Now that we have understoodhow to check for differnet attributes and find the ones that contribute the most to the incidents, we might be curious to know if there is any trend which can be observed over time in the collisions and nearmiss incidents recorded by BikeMaps.org users. We will try to build a timeseries from the raw data by extracting the date and time and merginfg the "year", "month" and "day" columns to create a timeseries in pnadas. We will then plot the timeeries for 2 different kinds of incidents - collisions and nearmiss for the year 2016.
# Convert date column to a timestamcollisions.date
import warnings
warnings.filterwarnings('ignore')
collisions["year"] = collisions["date"].apply(lambda x: x[0:4])
collisions["month"] = collisions["date"].apply(lambda x: x[5:7])
collisions["day"] = collisions["date"].apply(lambda x: x[8:10])
collisions["hour"] = collisions["date"].apply(lambda x: x[11:13])
collisions["minute"] = collisions["date"].apply(lambda x: x[14:16])
collisions["second"] = collisions["date"].apply(lambda x: x[17:19])
collisions["timestamp"] = pd.to_datetime(collisions[['year', 'month','day']])
df1 = collisions[["id","timestamp"]].groupby("timestamp").count()
nearmiss["year"] = nearmiss["date"].apply(lambda x: x[0:4])
nearmiss["month"] = nearmiss["date"].apply(lambda x: x[5:7])
nearmiss["day"] = nearmiss["date"].apply(lambda x: x[8:10])
nearmiss["hour"] = nearmiss["date"].apply(lambda x: x[11:13])
nearmiss["minute"] = nearmiss["date"].apply(lambda x: x[14:16])
nearmiss["second"] = nearmiss["date"].apply(lambda x: x[17:19])
nearmiss["timestamp"] = pd.to_datetime(nearmiss[['year', 'month','day']])
df2 = nearmiss[["id","timestamp"]].groupby("timestamp").count()
fig1 = df1['2016'].resample('D').interpolate(method='cubic').plot(color='blue')
fig2 = df2['2016'].resample('D').interpolate(method='cubic').plot(color='green',ax=fig1)
plt.legend( ["collisions","nearmiss"])
plt.xlabel("Month")
plt.title("Comparison of Monthly variation of nearmiss and collision incidents between 2015 and 2016")
There is a sharp spike in May and June for the nearmiss incidents. The collisions vary more or less in a standard manner. The peaks in August mid- September and mid-November stand out though. The month of June is when a lot of countries experience summer weather. So in general, the number of bikers increase altogether. Therefore, the increase in incidents in BikeMaps.org is clearly an indicator of increase in ridership during this month as well.
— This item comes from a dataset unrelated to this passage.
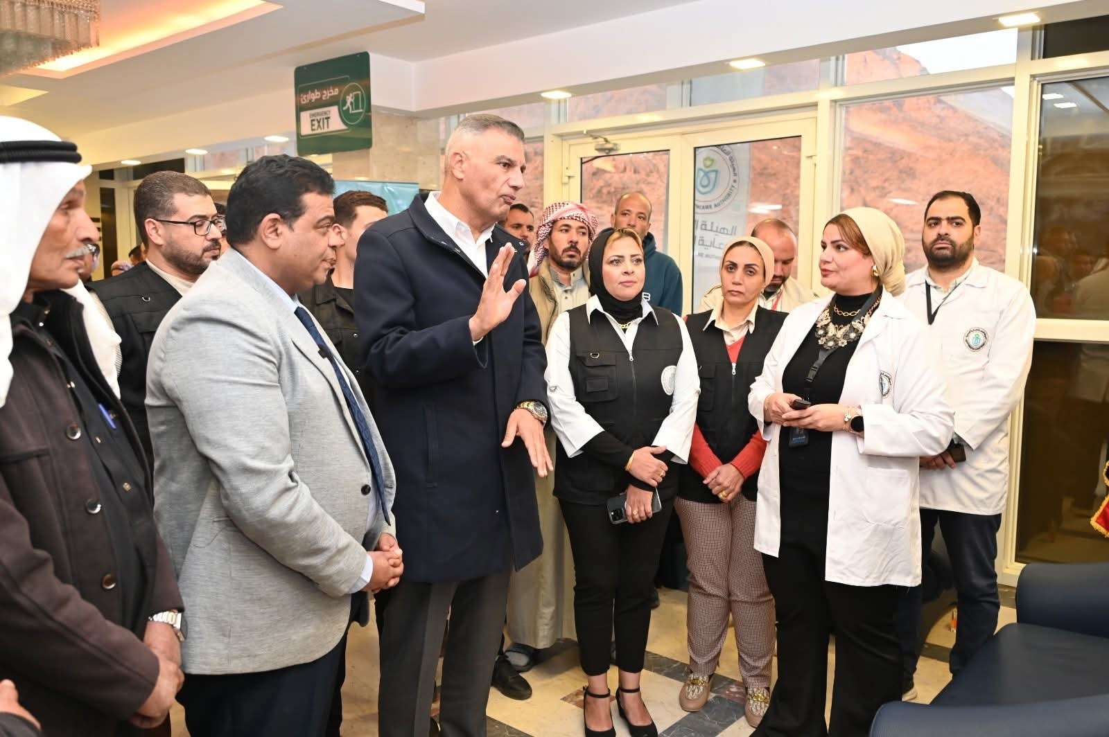 وعلى هامش الفعاليات، أجرى المحافظ جولة تفقدية بمستشفى سانت كاترين المركزي، تفقد خلالها أقسام المستشفى المختلفة، والتي تضم 42 سريرًا وغرفتي عمليات، إلى جانب أقسام الطوارئ، والغسيل الكلوي، والأشعة، والصيدلة. كما اطلع على أحدث أجهزة الأشعة المتوفرة، والتقى بعدد من المرضى، واستمع إلى آرائهم، واطمأن على حالتهم الصحية، موجهًا بسرعة تلبية احتياجاتهم وتحسين مستوى

This is a short example of how we can use BikeMaps.org data to analyse bike safety more quantitatively in Python. The analyses can always be combined with additional data sources to gain more insights. For example, we can use weather data to analyse seasonal variation in bike incidents and find what impacts severer weather conditions such as heavy rainfall or very high temperatures have on bike safety. Hope more people will contribute to this effort and ply around with BikeMaps.org data in the future!
References:
- Jestico, Ben, Trisalyn Nelson, and Meghan Winters. "Mapping ridership using crowdsourced cycling data." Journal of transport geography 52 (2016): 90-97.
- Ferster, Colin Jay, et al. "Geographic age and gender representation in volunteered cycling safety data: a case study of BikeMaps. org." Applied Geography 88 (2017): 144-150.
- http://geopandas.org/mapping.html
- McKinney, Wes. "Data structures for statistical computing in python." Proceedings of the 9th Python in Science Conference. Vol. 445. Austin, TX: SciPy, 2010.